Коваль в ночной смене.
Быстро ложатся на верстатку одна к другой свинцовые буквы — Коваль торопится; он набирает воззвание сопочного партизанского штаба Уссурийскому казачеству. Скоро он закончит, потом в машину, а там…
«Лопнет от злости Враштель, — думает Коваль, весело заканчивая. — Оскалят зубы японцы…»
На улице слякоть и дождь… — «ночь черна, как душа грешника».
Крадучись с пустыря через забор по двору и к окну — человек. Заглянул в окно.
В свете на минуту мелькнуло молодое лицо — и в тень, в ночь…
А рука по раме тихонько: тук-тук-тук…
Не слышат… Опять: тук… тук… тук… — сильнее.
Открывается нижняя створка окна. Коваль шепотом в ночь:
— Адольф, ты?
— Да… — так же ответ: все готово?
— Все! — ловко вышло… метранпаж свой парень оказался, а сторожа и остальную братву я напоил ханьчжой[9]в дым… — спят мертвецки…
— Воззвание готово?
— Готово. Уже отдал ребятам… Унесли… расклеивают… — Коваль раскрыл окно совсем.
Быстро в мешок из касс с глухим шумом пересыпается шрифт.
Готово — мешки полны, в каждом по четыре пуда.

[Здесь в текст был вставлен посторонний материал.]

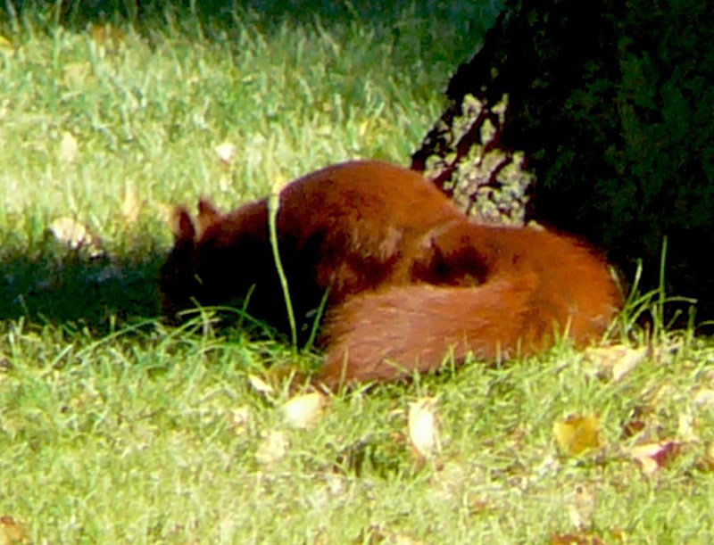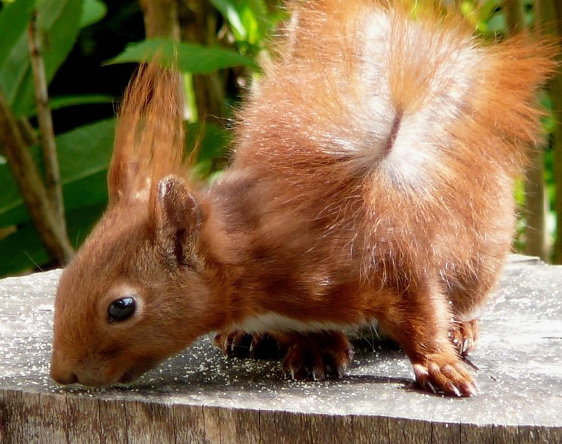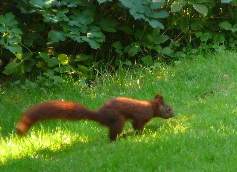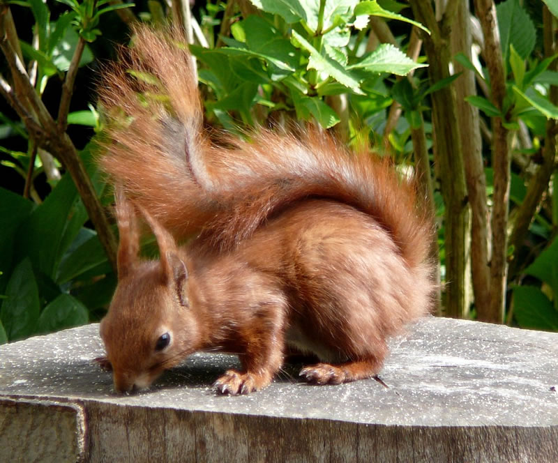 en Appelkist fien mit Zeitungspapier todeckt up de Terrass. Nu heff ik juuch minen Fründ Jan Flink vörstellt. Dat weer mi en Vergnögen! Villicht hebbt ji genau so veel Freud an em as ik. En poor Biller heff ik ok vun em maakt. Weer aver gor nich so eenfach, de Kerl is gor to gau. Mitünner harr ik blots noch den Steert up dat Bild. |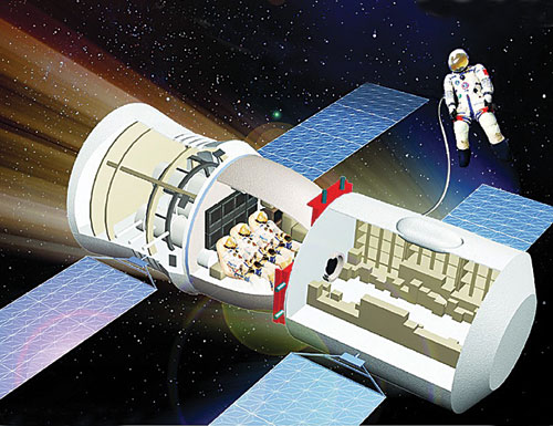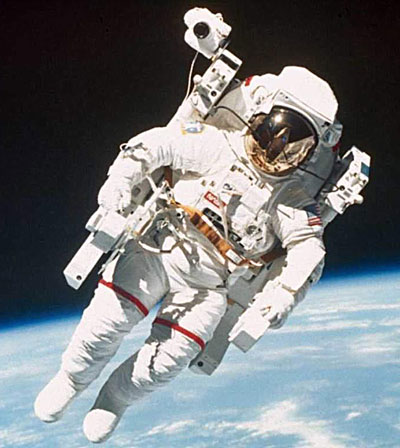 2.航天员出舱后与“母”航天器分离,由于身穿舱外用的航天服,背着便携式环控生保装置,以及太空机动装置,航天员可到离“母”载人航天器100米远处活动。

Коваль, как кошка, прыгает с подоконника во тьму, в грязь, в ночь… Окно тихо притворяет.
Взваливают мешки и пустырем, а потом окраинами улиц спящего в грязи маленького городка Никольска пробираются через железную дорогу и кустарником выходят на дорогу, в тайгу. С ними идет метранпаж, он тоже удирает в сопки, партизанить…
В лощине у речки их ждут две лошади…
Весь грязный, в свинцовой пыли летит, перевертывается, сшибает встречных, махая листом бумаги, вбегает в штаб: — Ура! Газета готова… — кричит Коваль и с гордостью кладет на стол, — товарищ Штерн, вот!..
Штаб обступает газету.
А по широким, травою заросшим улицам, спускающимся по склону горы большого села Анучино — кучки крестьян, партизан с берданками. Там у забора, здесь на траве, тут под деревьями — читают свой первый номер партизанской газеты.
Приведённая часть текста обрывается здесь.